In the same boxplots used to assess interobserver variability, the sPCI was specified to allow a visual comparison of the participants’ rPCI accuracy relative to the gold standard. To explore whether participants’ background influenced PCI assessment, scores were descriptively stratified by medical specialty (radiologist/radiology resident, surgeon, gynaecologist/gynaecological surgeon) and experience in evaluating peritoneal metastases on imaging. The results were visualized as scatterplots, displaying individual participant rPCI scores in relation to sPCI, separately for each scan, assessed with and without the pre-segmented regions. Furthermore, the accuracy was quantitatively evaluated by calculating the Mean Absolute Error (MAE) between rPCI and sPCI scores for each scan. The MAEs were assessed per scan and compared pairwise between evaluations with and without region segmentations.
The mean confidence score of all regions was computed for each evaluated scan. Subsequently, the mean of these average confidence scores per scan was computed for evaluations with and without the use of the pre-segmented regions, and compared in a paired manner. Furthermore, we assessed whether confidence scores differed per region between evaluations with and without using the pre-segmented regions. For each region, the mean confidence per scan was calculated and averaged across all nine scans, and these values were compared in a paired manner between the evaluations performed with and without the pre-segmented regions. Furthermore, the confidence distributions per region were visualized in a bar graph.

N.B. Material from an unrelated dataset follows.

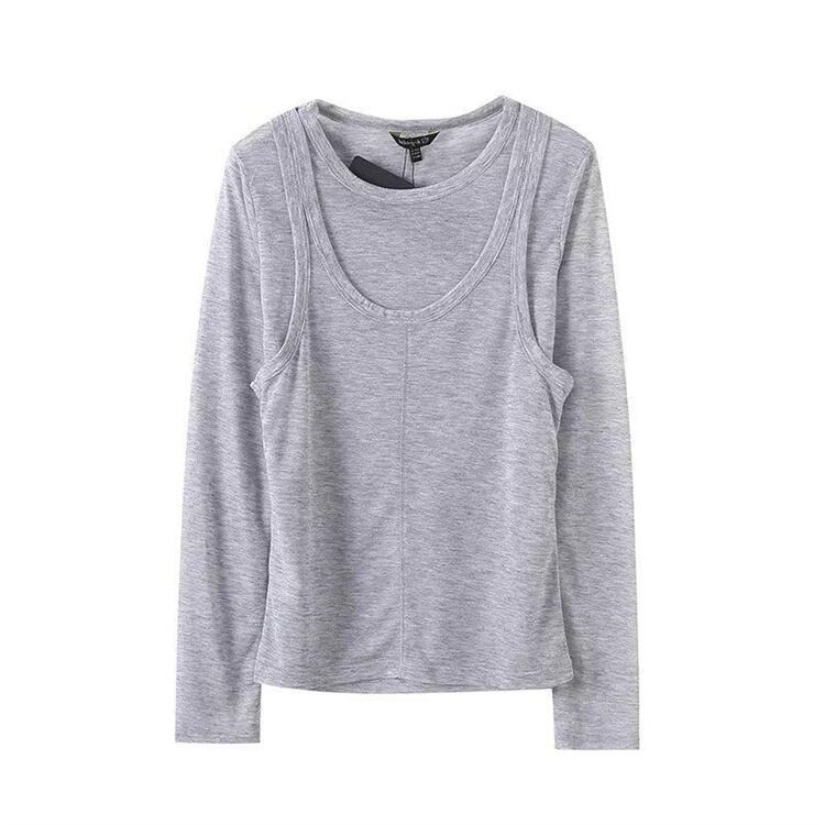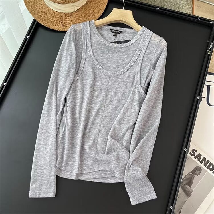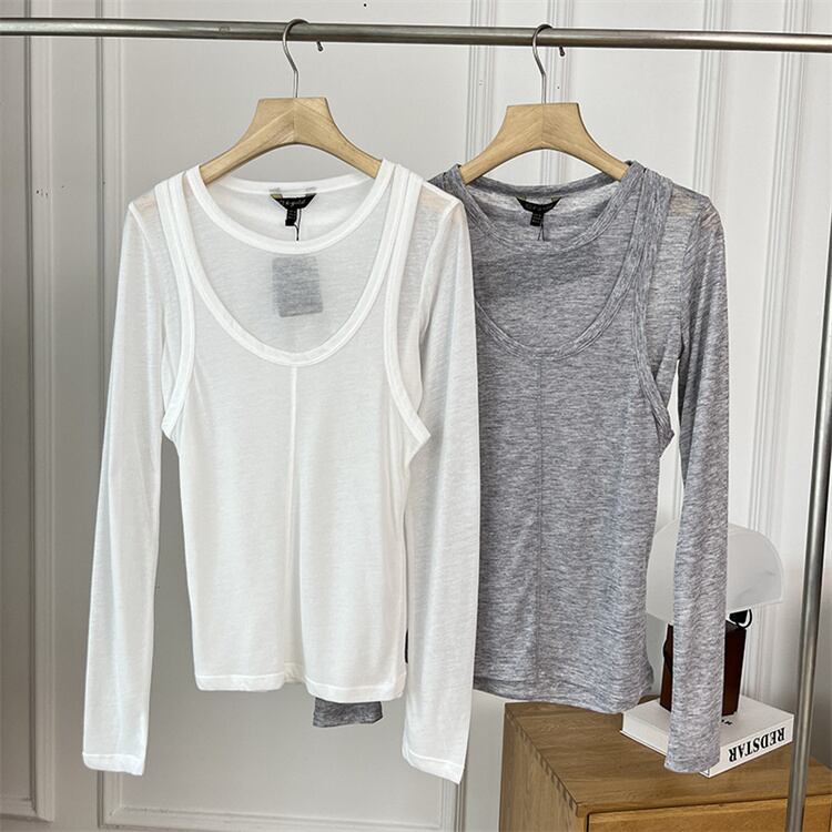 春物ニットインナー スリムフィット長袖 二重構造カットソー カジュアルトップス

Statistical analyses were performed using IBM SPSS Statistics for Windows, version 29 (IBM Corp., Armonk, N.Y., USA). Differences in IQRs and MAEs with and without segmentations were statistically analysed using the Wilcoxon signed-rank test. A significance level of α = 0.05 was used.
Results
Participants
A total of 82 clinicians participated in this study. They originated from 19 different countries, mostly from the Netherlands (30%), India (16%), France (12%), and the United Kingdom (11%). Of the 82 participants, 75 completed both evaluations with and without segmentation overlays. Seven participants only completed the evaluation without overlays, of whom two did not complete the second evaluation because of technical issues. Each CT was assessed 8–10 times by different observers, of whom at least four were radiologists, both with and without overlaid segmentations. Overall, 66% of the participants were radiologists, 23% were surgeons, and 11% were gynaecologists. The median experience in assessing peritoneal cancer on imaging was 9.5 years (IQR 9.75 years). Regarding the frequency of evaluating peritoneal cancer on imaging, 30% of respondents reported that they evaluated it daily, 56% weekly, 12% monthly, and 1% yearly. Among all participants, 5% always determined rPCI when evaluating peritoneal cancer on imaging, 38% often, 12% sometimes, 20% rarely, and 26% never. For further details on participants’ countries of origin, experience levels, specialists per scan, frequency of assessing peritoneal metastases on imaging, and frequency of assessing PCI on imaging, see S1 Figs in S1 File.
Interobserver variability
Fig 2 shows the distribution of total PCI scores per scan, both with and without segmentations used. The IQRs were not lower when using the overlaid segmentations and were even larger in 7/9 of cases. There was no statistically significant difference in IQR (p = 0.123).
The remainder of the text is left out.